◆ **Dataset excerpts**:
__________________________________________________
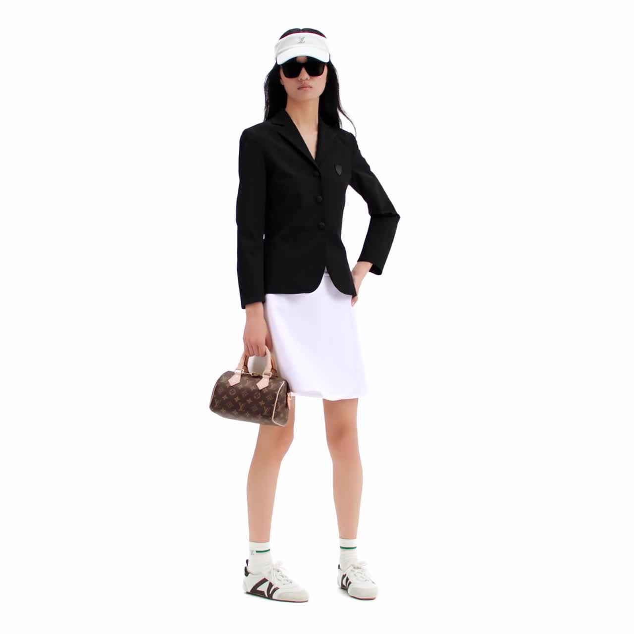 Clean and contemporary, this mini skirt has a fresh, sporty feel in the House’s signature technical jersey. It is cut in a sharp A-line silhouette, which is gently offset by the curved edge of the wrap front. Four golden snap buttons add a chic metallic accent to the waistband.
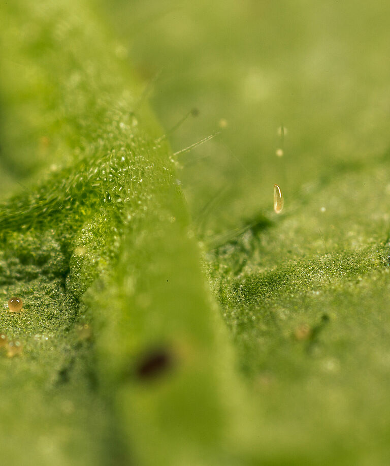 - Adulto: A medida que avanza el desarrollo, aparece una mancha roja en la parte media, tras lo cual toda la larva se oscurece. Finalmente, aparecen manchas blancas en el cuerpo. Una larva completamente desarrollada mide unos 2 mm de largo. Al final del último estadio larvario, la larva hila un capullo blanco cerca de una vena de la hoja y pupa en su interior.
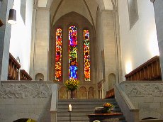 | フラウミュンスターの中です。左上がシャガールの描いたステンドグラスです。それぞれの色が素晴らしいステンドグラスで、しばらく見とれていました。 |
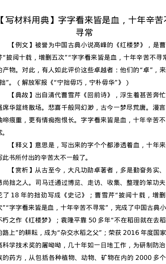 【写材料用典】字字看来皆是血,十年辛苦不寻常
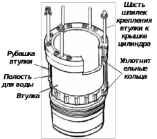 Втулка цилиндра выполнена из чугуна, имеет рубашку, образующую полость охлаждения, и прикреплена шпильками к крышке цилиндра. Втулка должна быть не только прочной, но и жесткой. От нее необходимо интенсивно отводить тепло, образующееся при сгорании топлива, иначе нормальная работа дизеля невозможна. Охлаждение средней части наружной поверхности втулки тепловозных дизелей осуществляется водой. При охлаждении водой температура станок втулок со стороны поршня не должна превышать 150—180°С.
__________________________________________________
◆ **What to work on**: Drop the images and return the data verbatim.

◆ **Written answer**:
 Clean and contemporary, this mini skirt has a fresh, sporty feel in the House’s signature technical jersey. It is cut in a sharp A-line silhouette, which is gently offset by the curved edge of the wrap front. Four golden snap buttons add a chic metallic accent to the waistband.
 - Adulto: A medida que avanza el desarrollo, aparece una mancha roja en la parte media, tras lo cual toda la larva se oscurece. Finalmente, aparecen manchas blancas en el cuerpo. Una larva completamente desarrollada mide unos 2 mm de largo. Al final del último estadio larvario, la larva hila un capullo blanco cerca de una vena de la hoja y pupa en su interior.
 | フラウミュンスターの中です。左上がシャガールの描いたステンドグラスです。それぞれの色が素晴らしいステンドグラスで、しばらく見とれていました。 |
 【写材料用典】字字看来皆是血,十年辛苦不寻常
 Втулка цилиндра выполнена из чугуна, имеет рубашку, образующую полость охлаждения, и прикреплена шпильками к крышке цилиндра. Втулка должна быть не только прочной, но и жесткой. От нее необходимо интенсивно отводить тепло, образующееся при сгорании топлива, иначе нормальная работа дизеля невозможна. Охлаждение средней части наружной поверхности втулки тепловозных дизелей осуществляется водой. При охлаждении водой температура станок втулок со стороны поршня не должна превышать 150—180°С.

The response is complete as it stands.